Your New Sales Agent Needs a Soul: Lessons from Claude's Constitution

„Warum fragt mich der Konfigurator nach der benötigten Spannung, wenn ich die doch gerade erst herausfinden will?“

Ich habe erlebt, wie ein Kunde einen geführten Verkaufsprozess drei Klicks vor dem Ziel abbrach, weil der Bot mit einem simplen „Bin nicht sicher“ nichts anfangen konnte. Die Logik dahinter war korrekt, das Nutzererlebnis war es nicht. Das System wusste alles über das Produkt, aber nichts über den Anwender.

Im Hardfork-Podcast beschrieb Amanda Askell von Anthropic, wie sie ihrem KI-Modell Claude eine „Verfassung“ gegeben haben. Keine Regelliste, sondern einen Charakter, ein Pflichtbewusstsein und die Fähigkeit, Urteile zu fällen, wenn die Realität unordentlich ist. Das ist keine Science-Fiction. Das ist genau das, was Ihrem CPQ-Assistenten fehlt.

Ein CPQ-Bot ohne Persönlichkeit ist nur ein Formular mit Satzzeichen.

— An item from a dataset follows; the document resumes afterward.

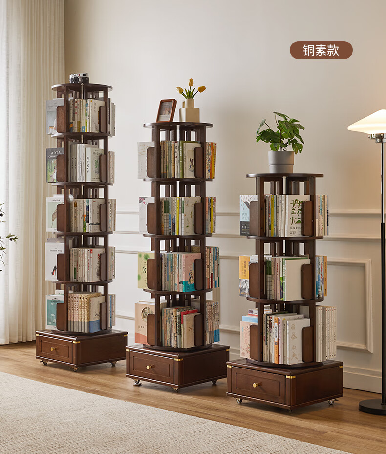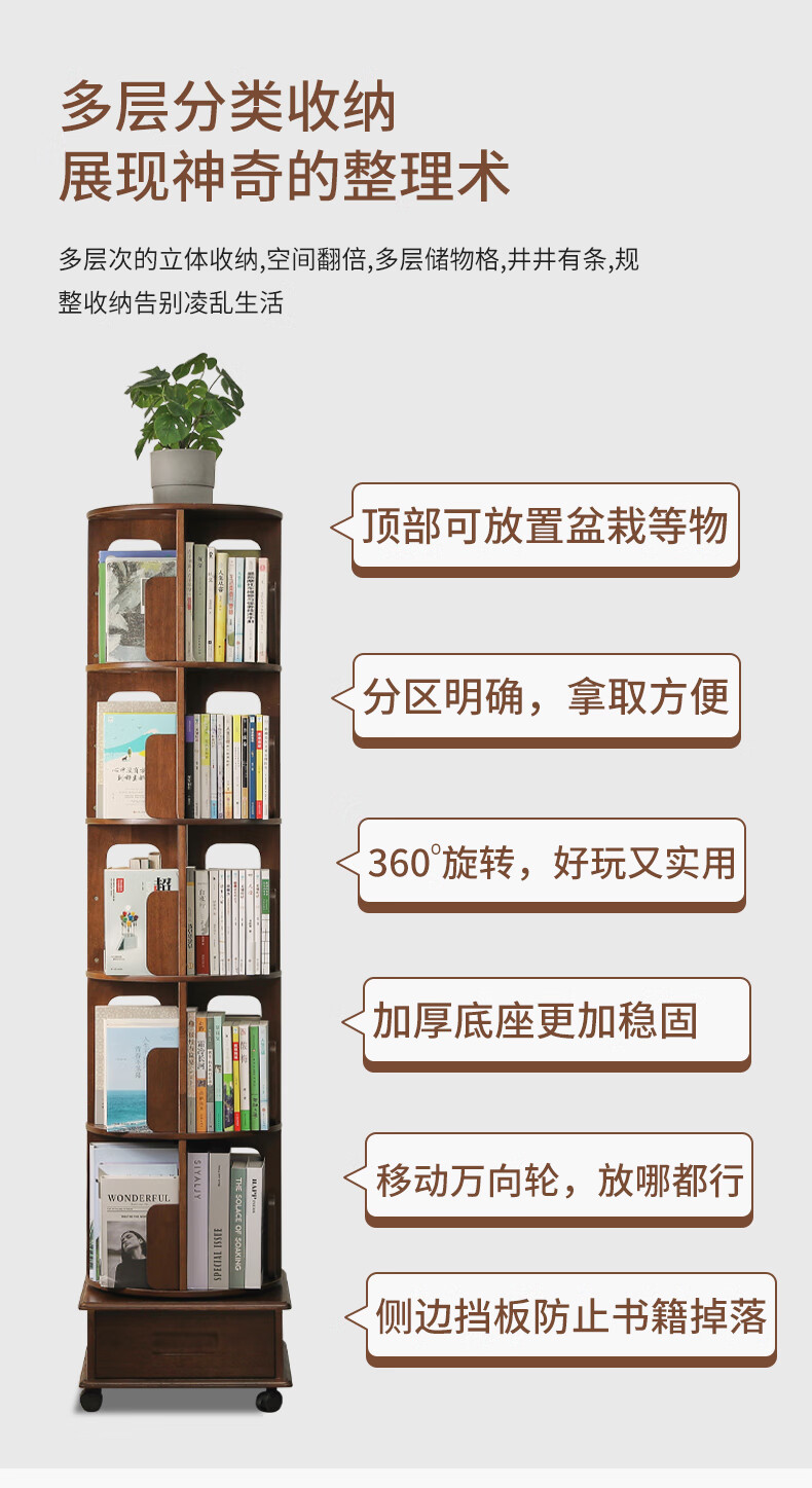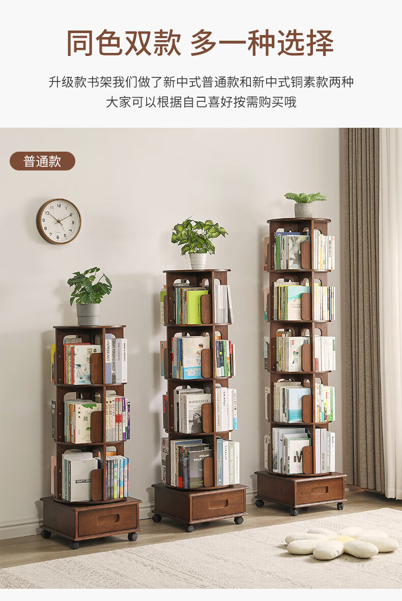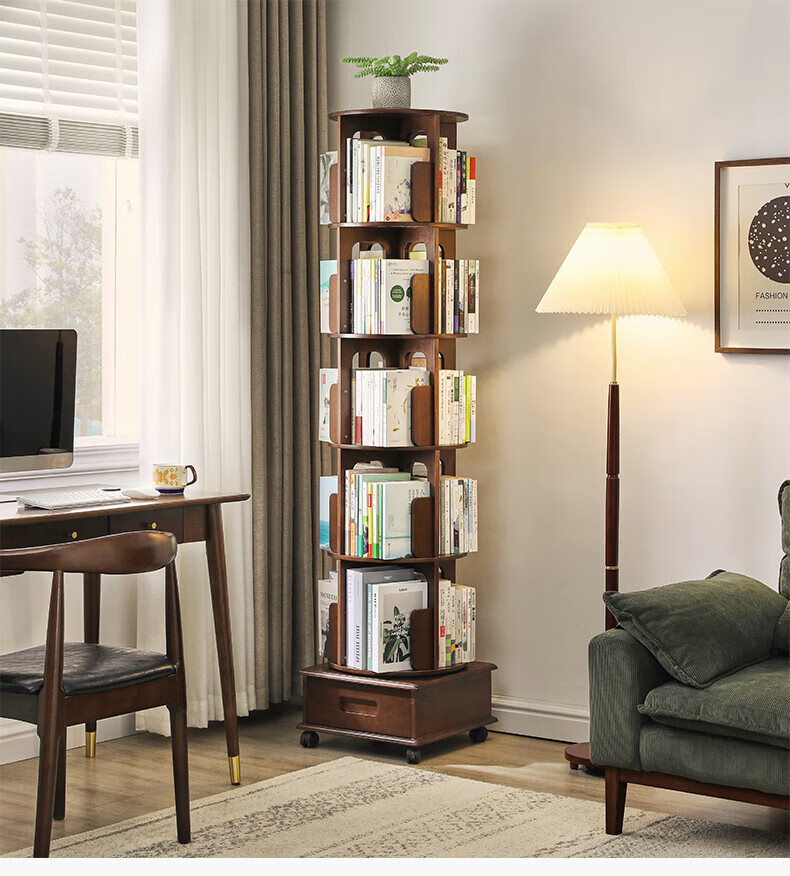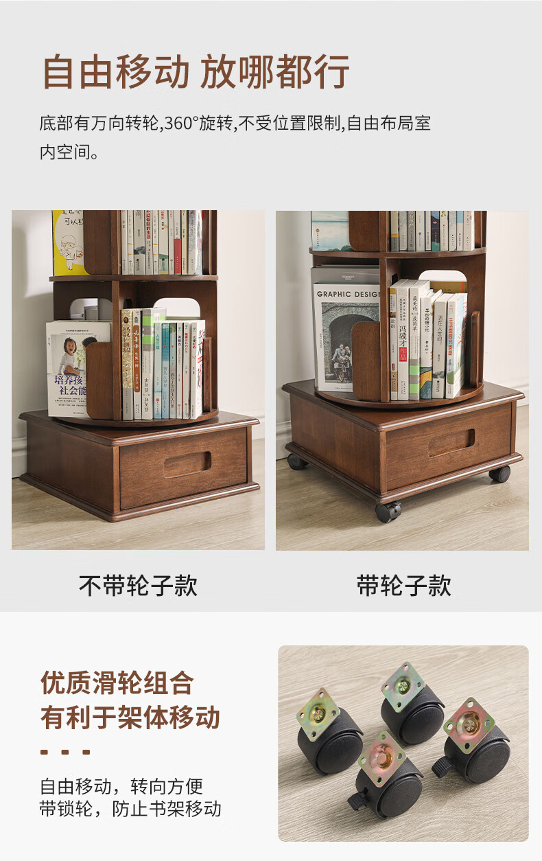 Jiayi rotating bookshelf floor-standing storage rack solid wood bookcase with wheels removable shelf floor-standing drawer storage rack
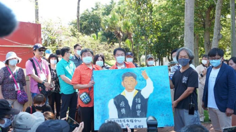 手指畫家大師匡乙以抗疫英雄陳時中畫作贈送指揮官部長陳時中

Warum Charakter im Guided Selling wichtiger ist als Regeln

Die meisten Teams glauben, das Problem liege bei den Prompts, den Dialogabläufen oder einer weiteren Bedingungsabfrage. Das stimmt nicht. Das Problem ist, dass Ihr Assistent kein Ethos hat. Er kann validieren, aber nicht helfen. Er kann ablehnen, aber nicht lösungsorientiert umleiten.

Das Ziel ist einfach: Wenn eine Situation nicht durch eine Regel abgedeckt ist, soll sich das Modell trotzdem wie ein verlässlicher Berater verhalten. Genau das erwarten auch Kunden von einem digitalen Vertriebsassistenten.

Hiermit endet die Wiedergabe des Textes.